Our decision to have a homebirth stemmed from my desire to have as few medical interventions as possible during labor.  Having learned that being in the hospital all but guarantees, statistically, that a woman will experience some form of intervention, I wanted no such interventions if they were avoidable, and I wanted to give full trust to my body and its amazing abilities by birthing at home.

A few hours into the labor, when the sun came up, things were progressing apace.  But as my husband was setting up the birthing tub by our sliding glass patio door, we noticed that there was a whole work crew alighting on the neighbor’s roof, ostensibly preparing to spend the day painting his house; about 10 feet above where my head – and the naked, writhing rest of me –  was supposed to be during delivery! My husband paid a visit next door, and our neighbor was kind enough to ask the crew to come back the next day to finish their work. Just imagine if their schedule hadn’t allowed them to delay the job.  We’d have spent all day staring at each other, me moaning in the throes of labor while these poor men tried to ignore my hollers while they scraped paint chips off the wall.

But they left, the midwife came, and nine hours after telling my husband the wetsuit wasn’t getting wet that day, we were embracing our new daughter in a pool of warm water in our living room. We both believe that being born at home was part of the reason she was such a settled baby from the start. There were no beeping machines, no bright lights, no being carted away from me too soon in the delivery room to be poked and prodded.  Just lying on mama’s chest, hearing our calm, hushed voices in the warm surroundings of her new home. Moments after our fantastic midwife, Maria Iorillo, finished checking her vitals, making sure we were nursing well, and dealing with my perinatal care, she and the other midwives and doulas on our birth team cleaned everything up and quietly slipped out our front door, leaving my husband and I lying in our own cozy bed with our brand new daughter.  Nervous beyond belief, but already settled in the place where we’d now live as a family of three.

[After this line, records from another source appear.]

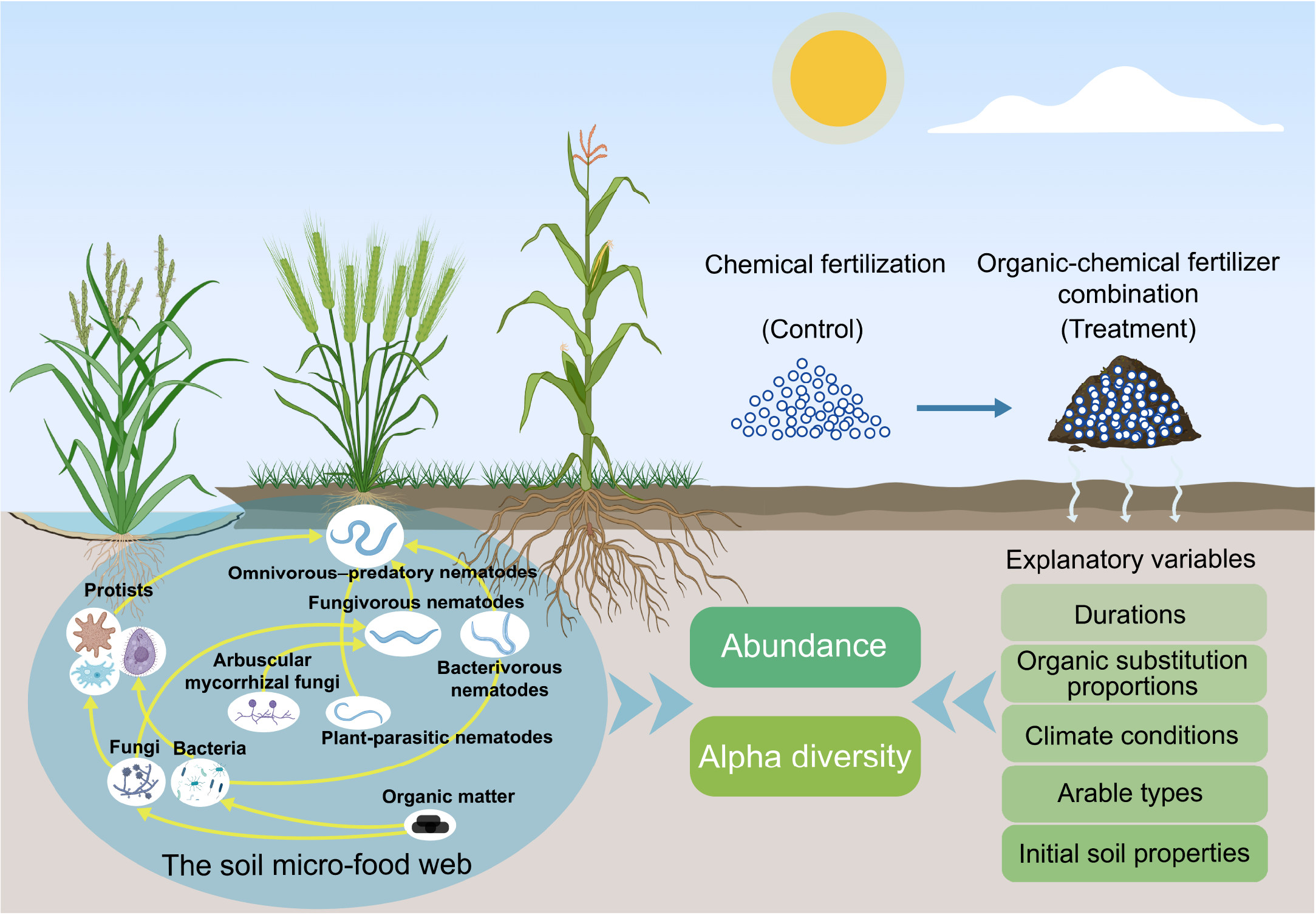 The excessive use of chemical fertilizers in agriculture has led to a decline in soil biodiversity. Organic fertilizer substitution has been proposed as a sustainable alternative toward the mitigation of these adverse effects, yet its impacts on the diversity of soil microbiota across varying environmental contexts remain poorly quantified. Here, we conducted a meta-analysis of 82 published studies from large-scale agricultural ecosystems. We revealed that organic fertilizer substitution significantly increased the abundances of bacteria, fungi, and nematodes, while enhancing the alpha diversity of bacterial and fungal communities. Specifically, the positive impacts on microbial abundance and alpha diversity became stronger over prolonged experimental timelines. The most potent effects on nematode abundance, arbuscular mycorrhizal fungi (AMF) richness, as well as bacterial Shannon and fungal Chao1 indices were observed under moderate substitution proportions (20%–50%). The stimulatory effects on the abundance and alpha diversity of bacteria and fungi were more pronounced in warm and humid climates, whereas the AMF Shannon index increased in colder regions. Moreover, the nematode Shannon index responded more strongly in drylands than in paddy fields. Collectively, our findings demonstrated that organic fertilizer substitution effectively rebuilt the complexity of the soil micro-food web. Consequently, we recommend a moderate substitution proportion of 20%–50% to maximize biodiversity gains in agricultural soils.
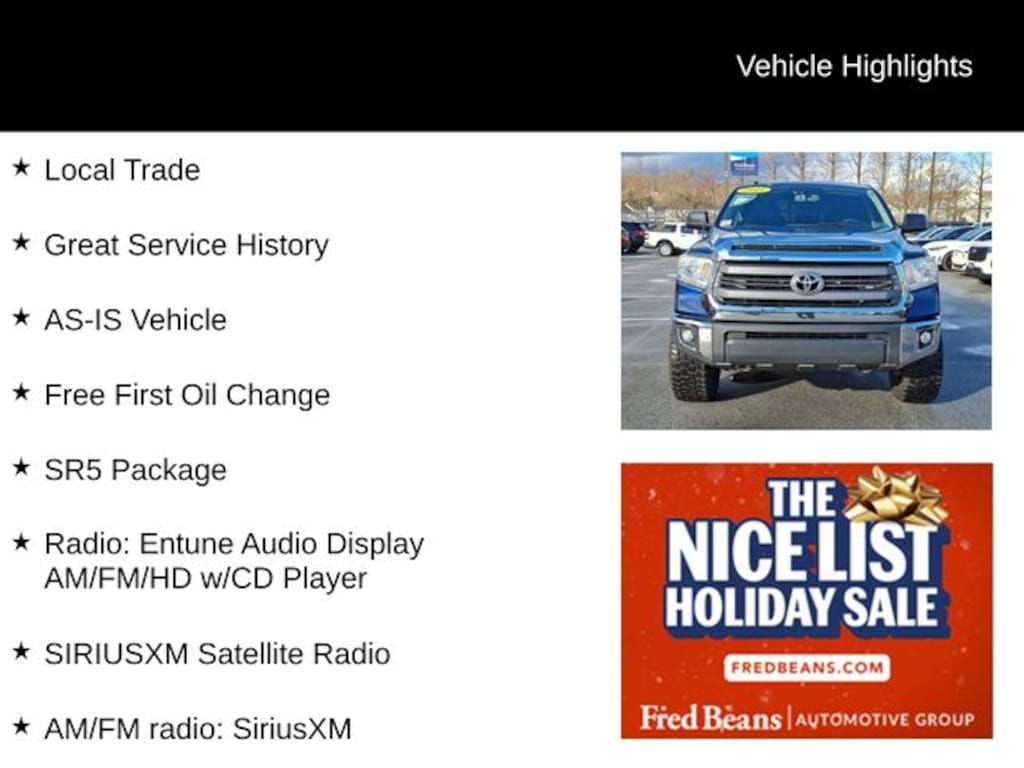 This Tundra is more than just a capable workhorse â" it's packed with a wealth of premium features that elevate the driving experience. Enjoy the convenience of keyless entry, the clarity of SiriusXM satellite radio, and the added safety of advanced technologies like electronic stability control and a rear-view camera.
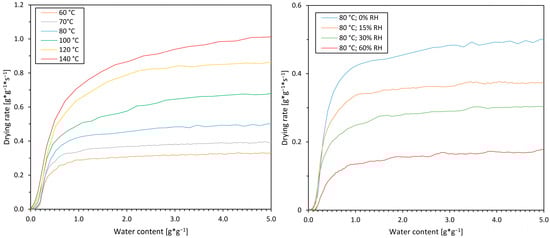 The drying kinetics for experiments with varying drying air temperatures and dry air is shown on the left-hand side of Figure 3, while the drying kinetics for different air humidities at a constant temperature of 80 °C is displayed on the right-hand side.
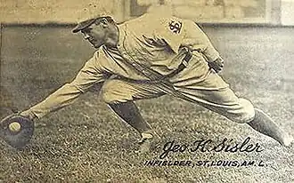 George Harold Sisler (March 24, 1893 – March 26, 1973), nicknamed "Gorgeous George", was an American professional baseball first baseman and player-manager. From 1915 through 1930, he played in Major League Baseball (MLB) for the St. Louis Browns, Washington Senators, and Boston Braves. He managed the Browns from 1924 through 1926.
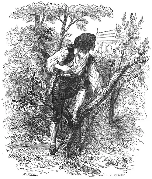 "This man, who was hastening toward the wood, was already three-quarters of the way on the road from the grotto to the forest. Vampa measured the distance; the man was at least two hundred paces in advance of him, and there was not a chance of overtaking him before he reached the wood. The young shepherd stopped, as if his feet had been rooted to the ground; then he put the butt of his carbine to his shoulder, slowly took aim at the ravisher, followed him for a second in his track, and then fired.
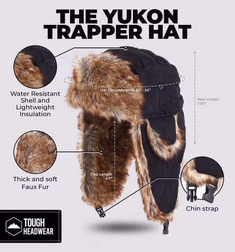 - Warmth for your head and ears: Keep warm in icy weather with our Ushanka trapper hat, lined with faux fur.
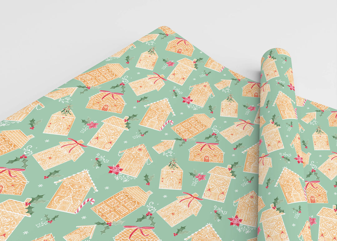 Green Gingerbread Land Christmas Gift Wrap
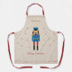 A Christmas apron in red, brown and green colours with an illustration of a Nutcracker, some stars and red dots ornaments on a striped brown background. You could use it for Xmas for your family or in your shop!
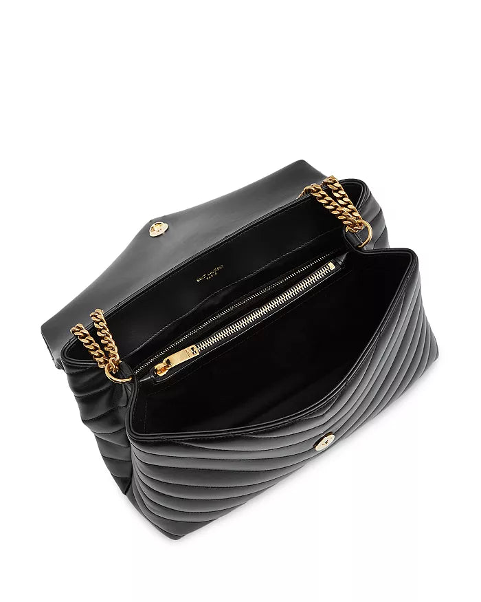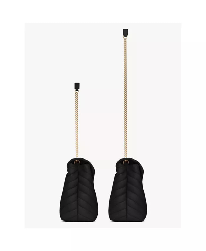 Ce petit sac Loulou signé Saint Laurent est confectionné en Italie en cuir noir et arbore l'emblématique plaque logo YSL. Son matelassage à chevrons lui confère une touche d'élégance, tandis que sa bandoulière en cuir et chaîne est à la fois confortable et chic. Son rabat à fermeture magnétique s'ouvre sur un compartiment principal doté d'une poche intérieure zippée pour un rangement sécurisé.
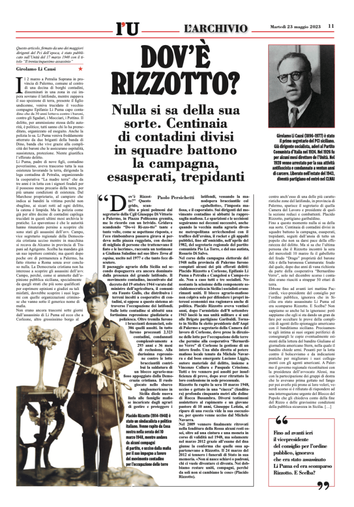 «“Dov’è Rizzotto?” Questo grido, scandito a pieni polmoni dal segretario della Cgil Giuseppe Di Vittorio a Palermo, in Piazza Politeama gremita, me lo ricordo con un brivido. Gridava scandendo “Do-vè Ri-zzo-tto” tante e tante volte, come se aspettasse risposta, e l’eco rimbombava passava girava si perdeva nella piazza raggelata, con decine di migliaia di persone che trattenevano il fiato e le lacrime», racconta un testimone a Giuliana Saladino nel suo libro Terra di rapina, uscito nel 1977 e che tanto fece discutere.

Giving birth at home without drugs or doctors was the hardest thing I’ve ever done.  But now I know what I am really made of, and that can never be taken from me. If we ever choose to have another baby, I’ll absolutely aim to have it at home as well. I realize it’s not a choice that works for everyone, though. I think the most important thing for every woman’s birth experience is for her to be where she’s going to be the most comfortable, so she can fully focus on the work she has to do. For me, that was my home on Kansas Street.